*Data listing*

********************

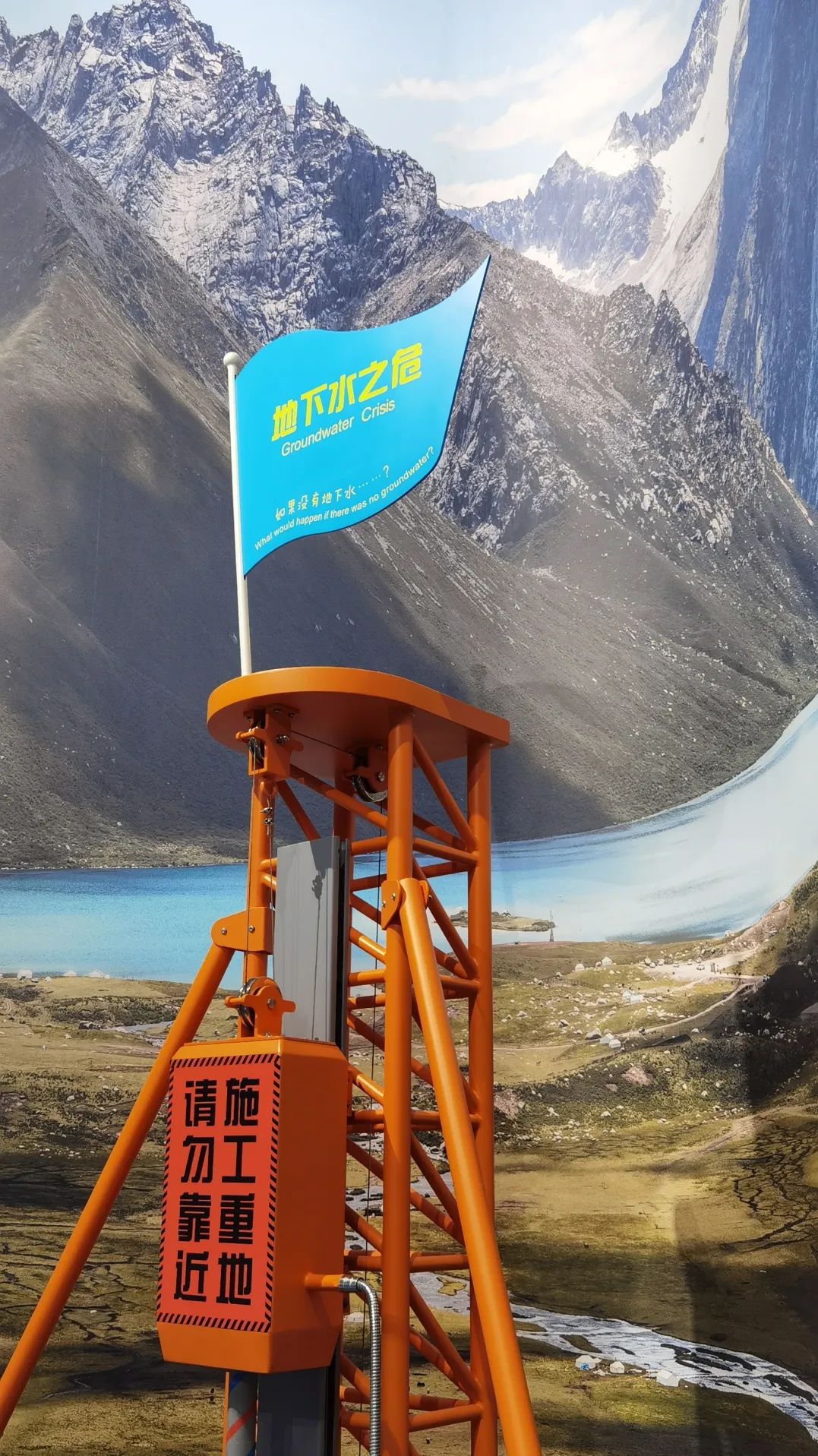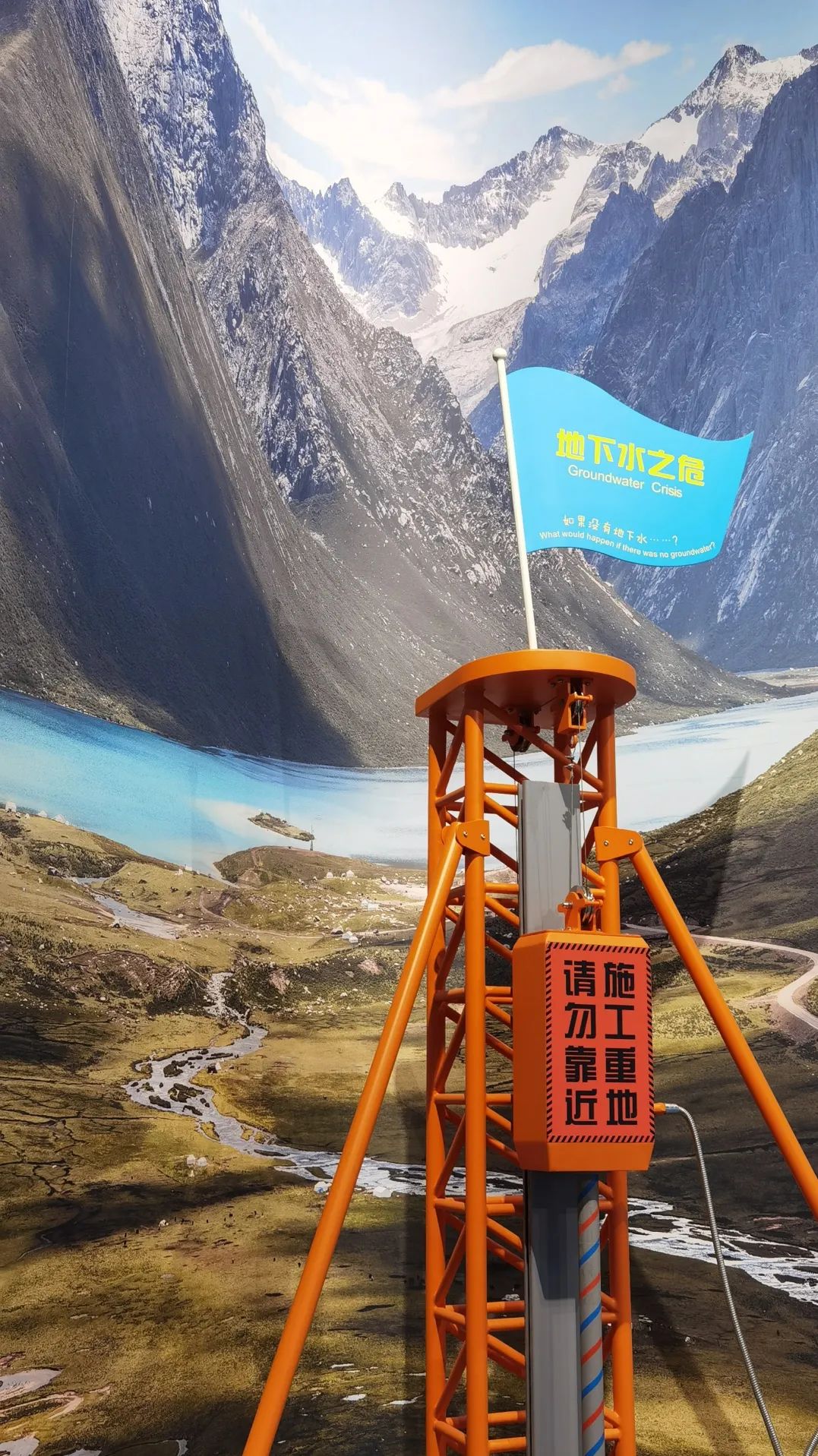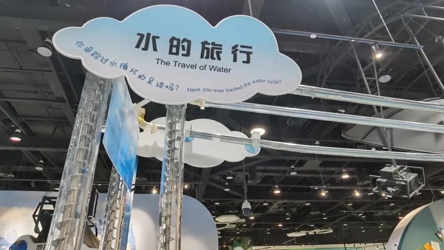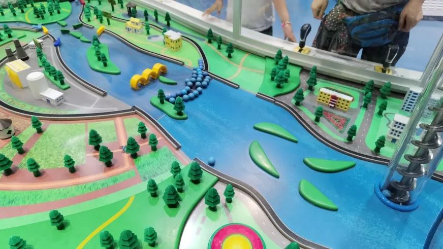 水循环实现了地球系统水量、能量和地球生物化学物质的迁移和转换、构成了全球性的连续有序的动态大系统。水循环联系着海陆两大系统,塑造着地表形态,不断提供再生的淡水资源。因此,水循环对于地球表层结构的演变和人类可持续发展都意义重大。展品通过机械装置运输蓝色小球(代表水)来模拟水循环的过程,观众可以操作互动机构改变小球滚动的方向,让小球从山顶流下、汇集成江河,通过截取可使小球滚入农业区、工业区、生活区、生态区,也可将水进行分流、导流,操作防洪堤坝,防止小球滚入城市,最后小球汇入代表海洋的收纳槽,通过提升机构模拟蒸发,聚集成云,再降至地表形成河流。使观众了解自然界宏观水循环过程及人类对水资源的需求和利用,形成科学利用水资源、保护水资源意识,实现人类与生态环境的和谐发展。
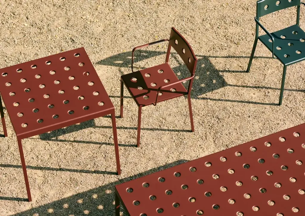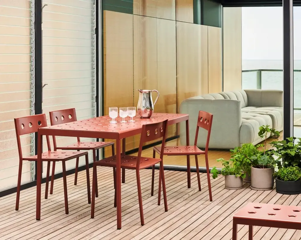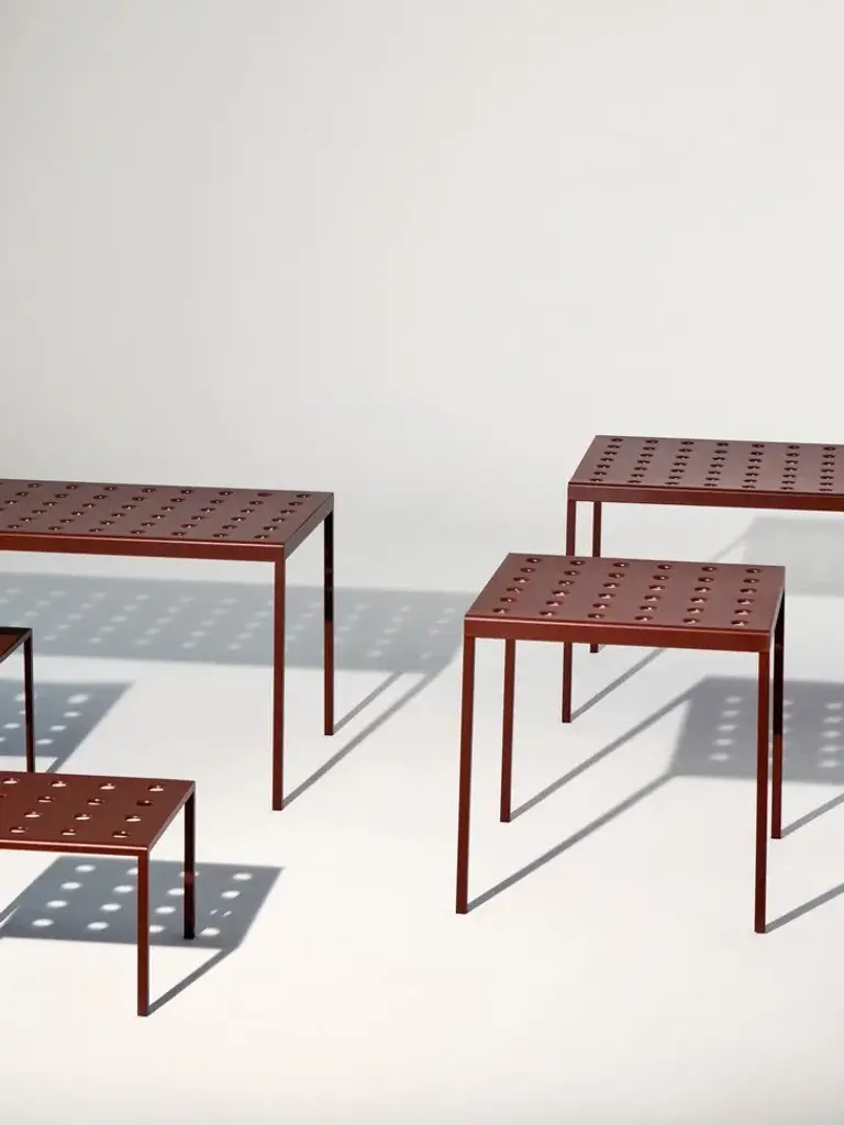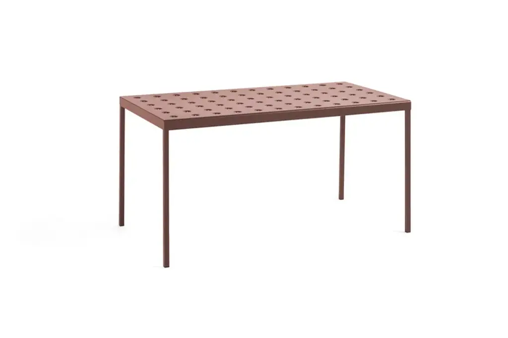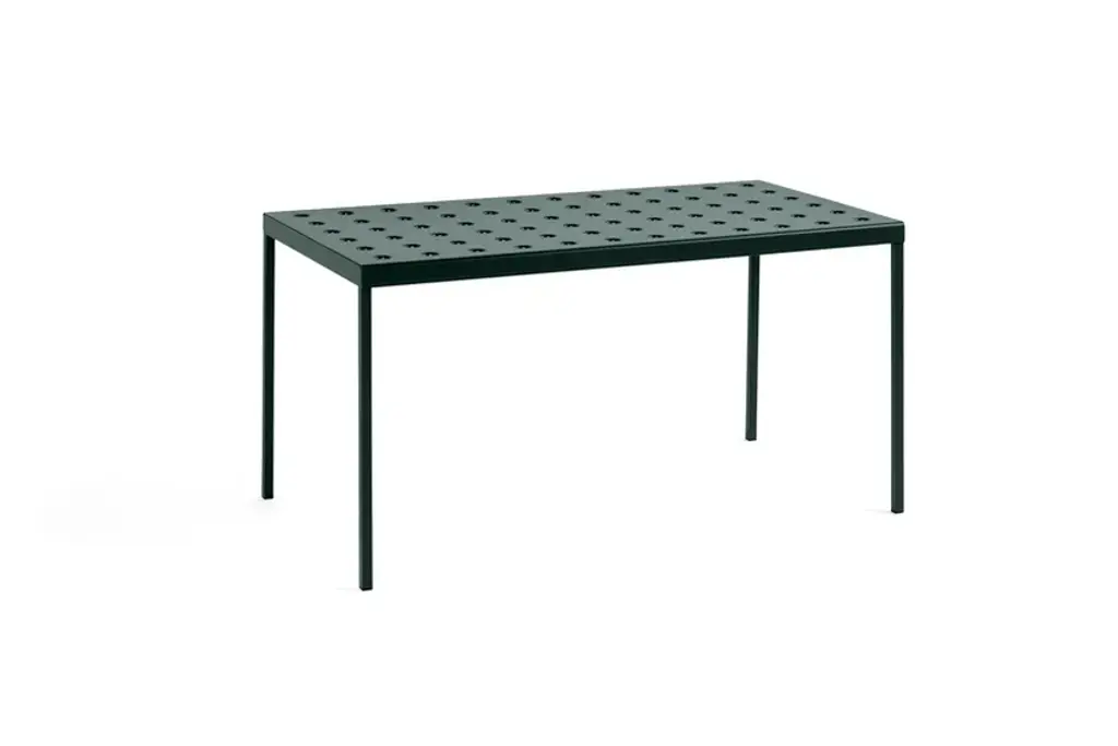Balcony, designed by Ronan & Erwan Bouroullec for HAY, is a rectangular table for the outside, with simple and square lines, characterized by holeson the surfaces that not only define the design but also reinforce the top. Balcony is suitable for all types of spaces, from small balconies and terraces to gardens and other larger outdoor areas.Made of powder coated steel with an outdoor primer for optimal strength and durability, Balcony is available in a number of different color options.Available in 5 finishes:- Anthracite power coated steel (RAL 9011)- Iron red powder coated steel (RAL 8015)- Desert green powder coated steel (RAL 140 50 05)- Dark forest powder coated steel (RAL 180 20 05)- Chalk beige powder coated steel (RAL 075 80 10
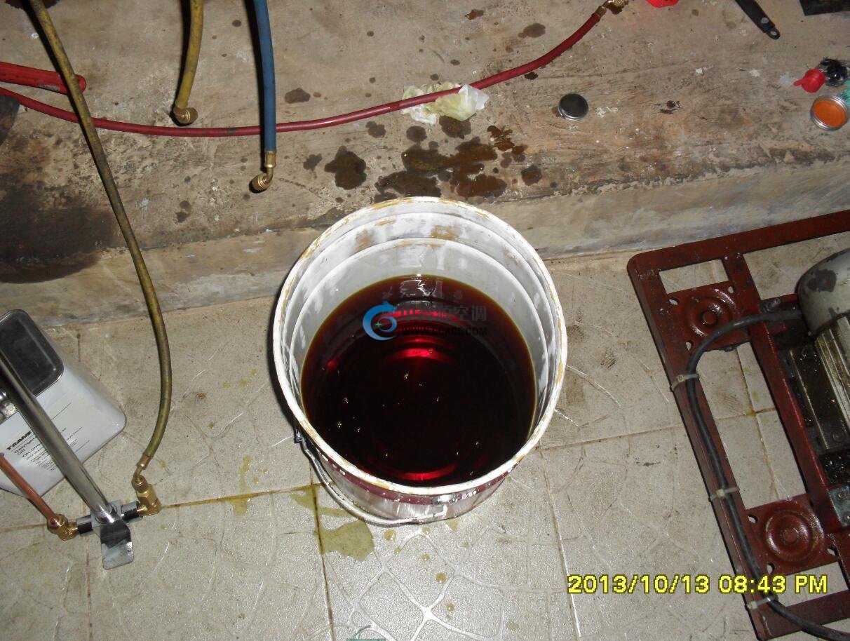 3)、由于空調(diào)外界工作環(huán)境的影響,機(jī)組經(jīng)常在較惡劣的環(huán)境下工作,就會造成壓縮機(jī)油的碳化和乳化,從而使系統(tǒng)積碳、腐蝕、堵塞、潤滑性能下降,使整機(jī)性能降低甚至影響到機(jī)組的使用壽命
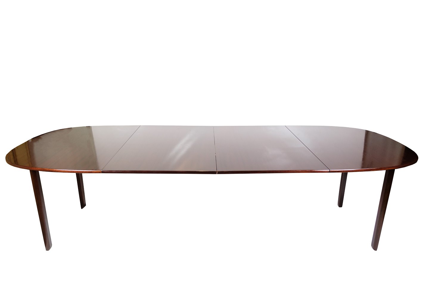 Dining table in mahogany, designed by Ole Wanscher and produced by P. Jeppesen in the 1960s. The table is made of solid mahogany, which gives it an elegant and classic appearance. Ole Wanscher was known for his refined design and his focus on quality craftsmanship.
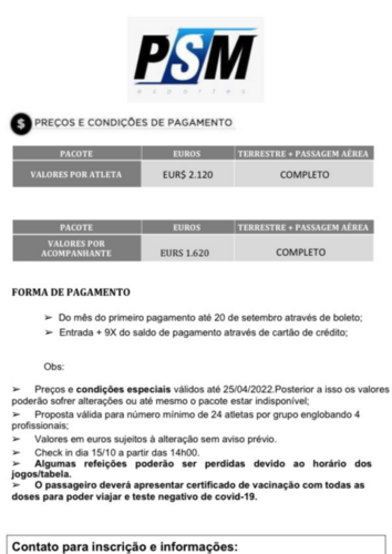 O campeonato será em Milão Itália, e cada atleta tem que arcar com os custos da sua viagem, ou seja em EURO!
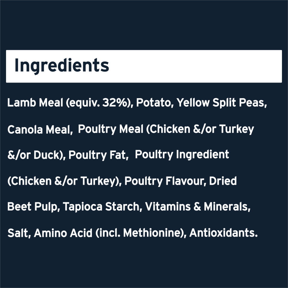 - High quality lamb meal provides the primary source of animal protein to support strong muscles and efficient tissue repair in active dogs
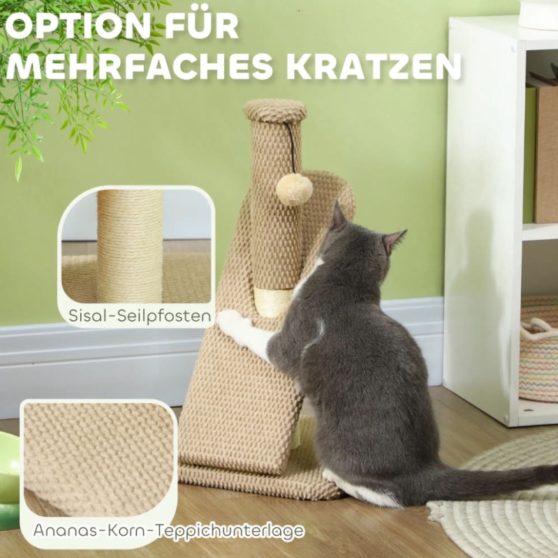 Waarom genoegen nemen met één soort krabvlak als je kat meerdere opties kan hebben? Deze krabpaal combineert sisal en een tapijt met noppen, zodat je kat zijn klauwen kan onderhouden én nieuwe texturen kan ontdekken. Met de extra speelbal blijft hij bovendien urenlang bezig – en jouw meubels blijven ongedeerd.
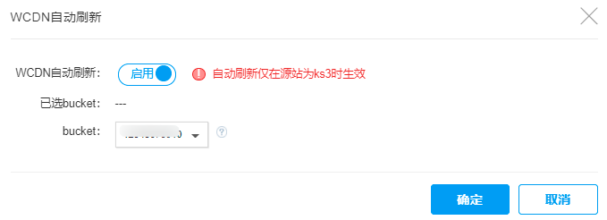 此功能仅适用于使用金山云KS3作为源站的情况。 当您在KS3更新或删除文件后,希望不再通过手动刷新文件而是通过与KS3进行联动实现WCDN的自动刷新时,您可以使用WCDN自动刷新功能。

********************

*What you need to do*
Print every record exactly without the images.

*Written response*
 水循环实现了地球系统水量、能量和地球生物化学物质的迁移和转换、构成了全球性的连续有序的动态大系统。水循环联系着海陆两大系统,塑造着地表形态,不断提供再生的淡水资源。因此,水循环对于地球表层结构的演变和人类可持续发展都意义重大。展品通过机械装置运输蓝色小球(代表水)来模拟水循环的过程,观众可以操作互动机构改变小球滚动的方向,让小球从山顶流下、汇集成江河,通过截取可使小球滚入农业区、工业区、生活区、生态区,也可将水进行分流、导流,操作防洪堤坝,防止小球滚入城市,最后小球汇入代表海洋的收纳槽,通过提升机构模拟蒸发,聚集成云,再降至地表形成河流。使观众了解自然界宏观水循环过程及人类对水资源的需求和利用,形成科学利用水资源、保护水资源意识,实现人类与生态环境的和谐发展。
Balcony, designed by Ronan & Erwan Bouroullec for HAY, is a rectangular table for the outside, with simple and square lines, characterized by holeson the surfaces that not only define the design but also reinforce the top. Balcony is suitable for all types of spaces, from small balconies and terraces to gardens and other larger outdoor areas.Made of powder coated steel with an outdoor primer for optimal strength and durability, Balcony is available in a number of different color options.Available in 5 finishes:- Anthracite power coated steel (RAL 9011)- Iron red powder coated steel (RAL 8015)- Desert green powder coated steel (RAL 140 50 05)- Dark forest powder coated steel (RAL 180 20 05)- Chalk beige powder coated steel (RAL 075 80 10
 3)、由于空調(diào)外界工作環(huán)境的影響,機(jī)組經(jīng)常在較惡劣的環(huán)境下工作,就會造成壓縮機(jī)油的碳化和乳化,從而使系統(tǒng)積碳、腐蝕、堵塞、潤滑性能下降,使整機(jī)性能降低甚至影響到機(jī)組的使用壽命
 Dining table in mahogany, designed by Ole Wanscher and produced by P. Jeppesen in the 1960s. The table is made of solid mahogany, which gives it an elegant and classic appearance. Ole Wanscher was known for his refined design and his focus on quality craftsmanship.
 O campeonato será em Milão Itália, e cada atleta tem que arcar com os custos da sua viagem, ou seja em EURO!
 - High quality lamb meal provides the primary source of animal protein to support strong muscles and efficient tissue repair in active dogs
 Waarom genoegen nemen met één soort krabvlak als je kat meerdere opties kan hebben? Deze krabpaal combineert sisal en een tapijt met noppen, zodat je kat zijn klauwen kan onderhouden én nieuwe texturen kan ontdekken. Met de extra speelbal blijft hij bovendien urenlang bezig – en jouw meubels blijven ongedeerd.
 此功能仅适用于使用金山云KS3作为源站的情况。 当您在KS3更新或删除文件后,希望不再通过手动刷新文件而是通过与KS3进行联动实现WCDN的自动刷新时,您可以使用WCDN自动刷新功能。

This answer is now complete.